The RICS UK Construction Monitor Q3 2024 reveals a raft of positive indicators for the coming year.
According to responses gathered from chartered surveyors working in construction across the UK, headline workloads are still largely flat, except for infrastructure sector, but expectations point to activity rising across all sectors over the year ahead.
A net balance of +28 (percentage points) of survey participants predict an increase in workloads over the next 12 months, matching sentiment seen in the previous quarter and highlighting sustained optimism for growth within the sector.
In particular, the infrastructure sector is expected to lead robustly. Although slightly lower than Q2’s projections, a net balance of +30 of respondents anticipate increased activity in infrastructure development.

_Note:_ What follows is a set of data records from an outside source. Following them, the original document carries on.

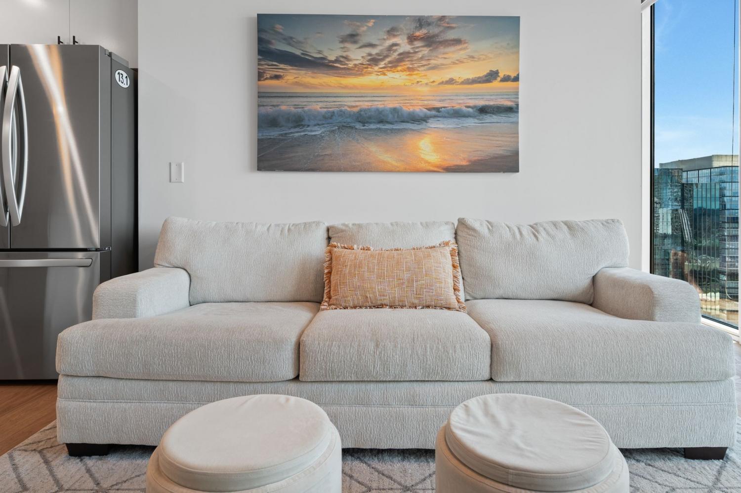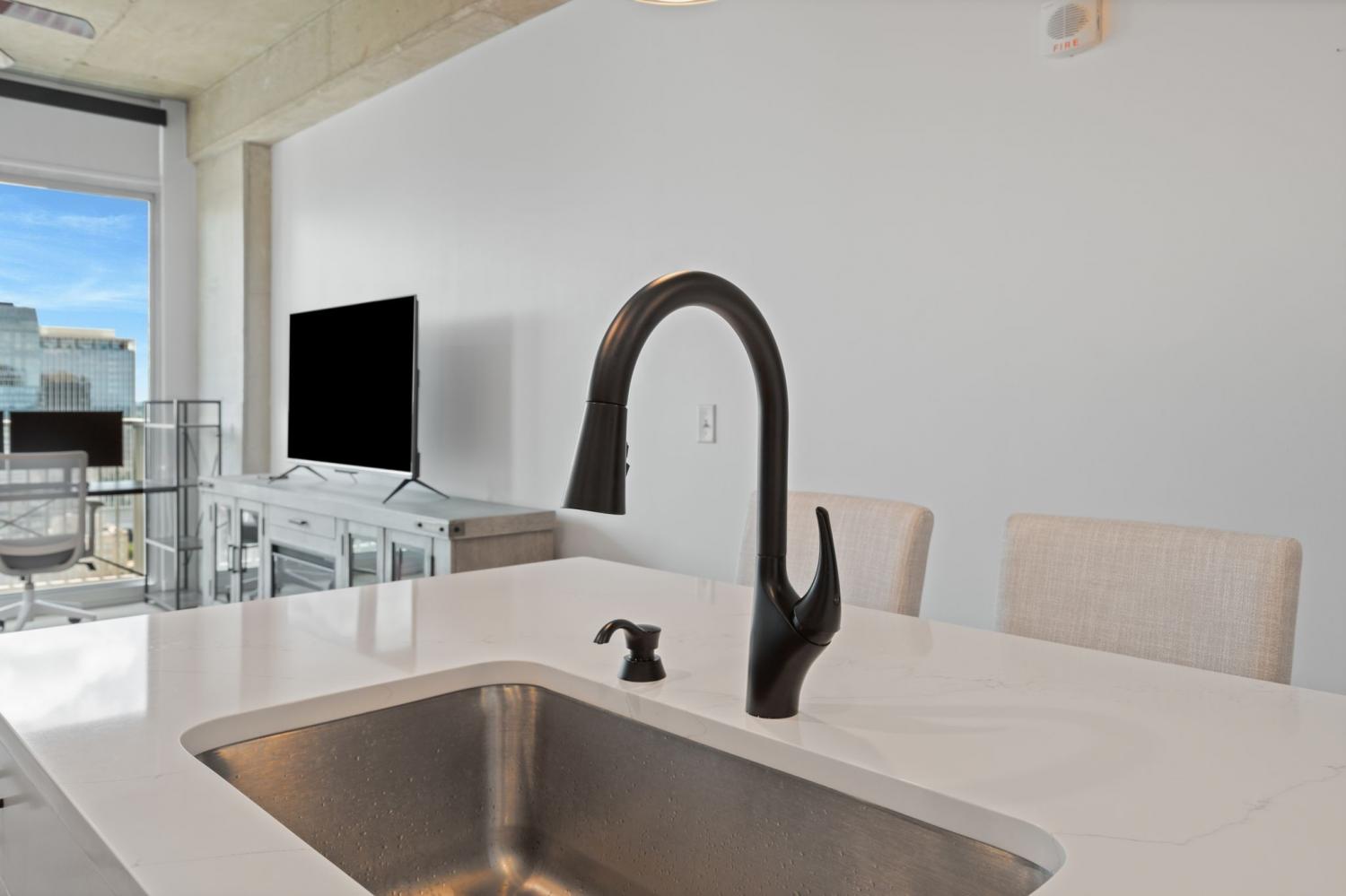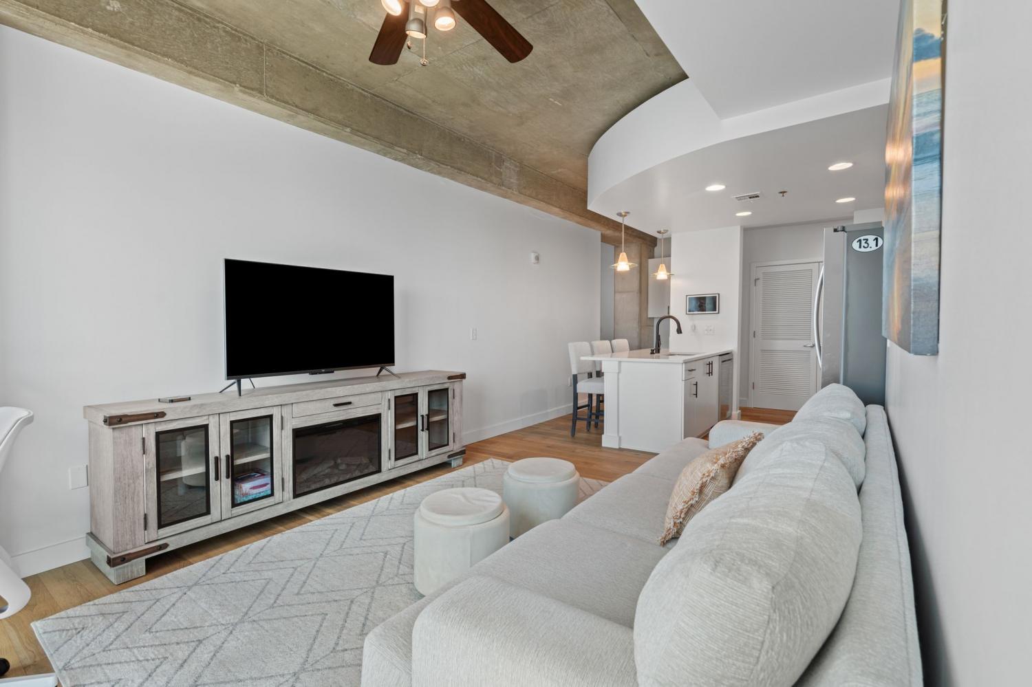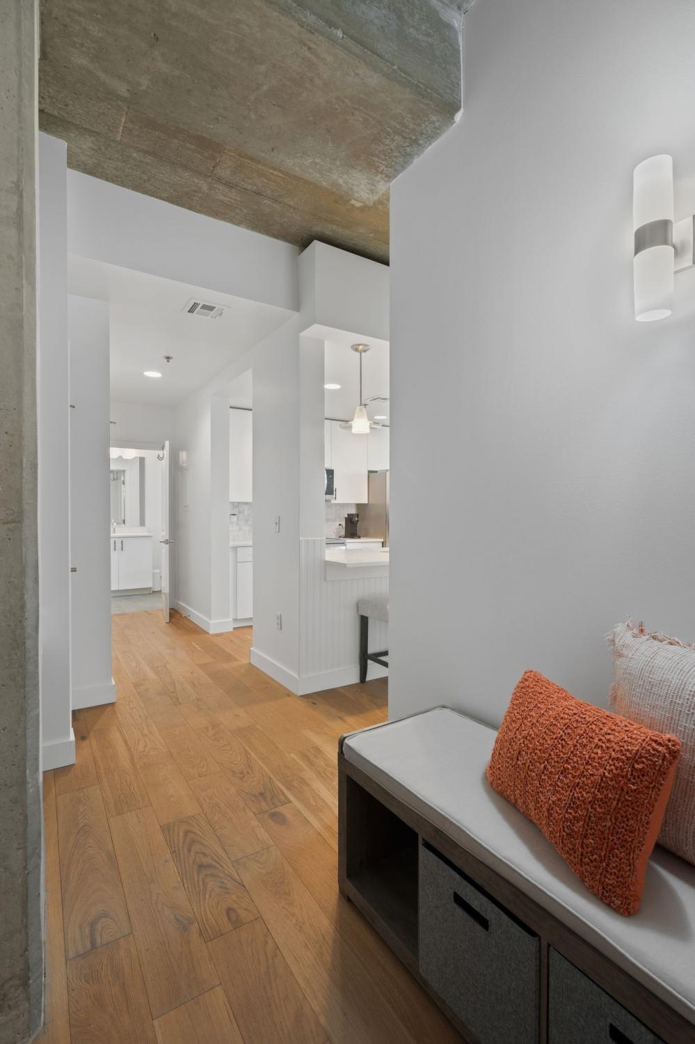 Up in the clouds sits unit 2504 in the Viridian. This west facing unit overlooks the historic church next door and has amazing views of the skyline looking due west, north and south. Just steps from Broadway, the Nashville Predators arena and Printers Alley, come see what this unit has to offer. Recent renovations including fresh paint, elegant light hardwood floors, one level quartz countertops with bar top seating and farm sink, brand-new state of the art stainless steel LG appliances, new custom blinds, Nest thermostat, custom-built closets, new tile in bathroom, and a convenient desk space, plus washer & dryer. New water heater in 2021. 24/7 security and concierge, rooftop pool, workout room and club room on 31st floor. 1 deeded parking space.
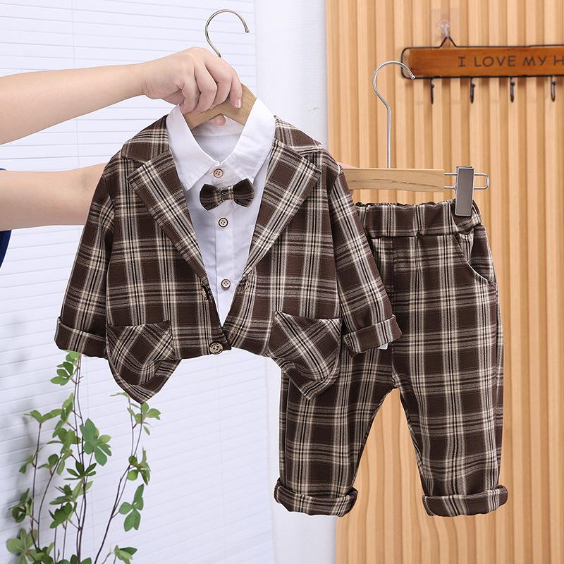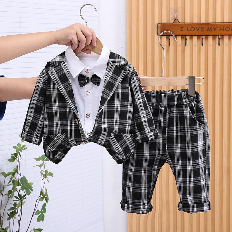 Ropa para niños Traje de primavera y otoño para niños Nuevo Traje para bebé para primavera y otoño Estilo occidental Estilo coreano Vestido Traje para bebé de tres piezas
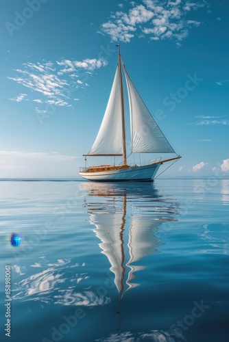 © Shadowkiruu, Fototapeta premium Sailing into Tranquility: A Sailboat on a Calm Sea
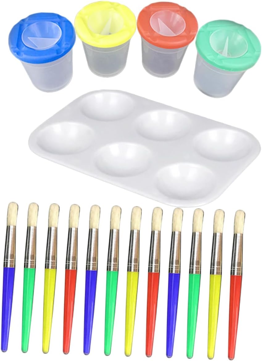 Package Include 51 x painting tool 18 x painting brushGoods DescriptionPaint Tool 5.Art Brush - ColorAssorted Color- Material: and nylon and wood.Bristles Paint Color- coded lid makes it easier to identify the color of the brush dipped.Watercolor Package Including 17 x painting tool 6 x painting brush. Features - Packing size: About 20 x 18 x 8. The cups are spill proof designed do need to worried about the leakage when the cup falls off. Perfect for artist to avoid spill messes. Clear cups make your the color directly and can also serve as brush rest or brush storage
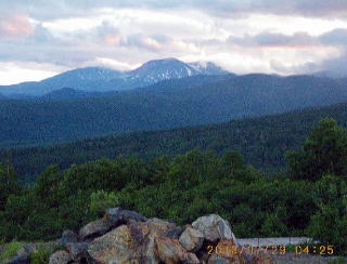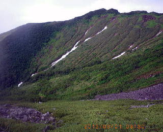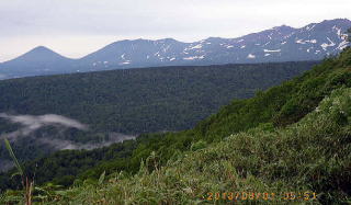 04;26 望岳台から旭岳方面残雪 望岳台(930m)を4:20出発した。大雪山旭岳方面を望めたが行く手の十勝岳は雲の中。十勝岳避難小屋(1320m)を過ぎ、下方に虹が見えた。登るにつれ風強まり雨が打ちつけた。高度を上げるにつれ暗く視程も悪くなった。 |

Meanwhile, the private residential sector has shown a rise in confidence, with +26 of survey participants predicting growth, an improvement from the +12 average reported over the past four quarters. Additionally, private non-residential construction is projected to pick up momentum, supported by a net balance of +17 of respondents.
Surveyors were also asked about construction industry skills shortages. Respondents cited bricklayers (37%), carpenters (33%) and plumbers (33%) as the most depleted roles currently. Shortage of general labour (44%) was also highlighted as a factor limiting construction activity.
However, the general outlook for employment remains positive with a net balance of +18 of survey respondents forecasting an increase in employment over the next year. Although slightly down from the previous quarter’s +23, the expected increase in employment highlights a resilient demand for skilled professionals within the industry, RICS said.
RICS senior economist Tarrant Parsons said: “These results show some encouraging signs of improvement for the UK construction industry as we move into the final quarter of the year.
"While growth prospects for the next twelve months appear to be brightening, challenges persist, particularly around tight profit margins across the industry and ongoing skills shortages. Industry professionals anticipate an improvement in credit conditions over the year ahead, which should provide a much-needed boost to industry confidence."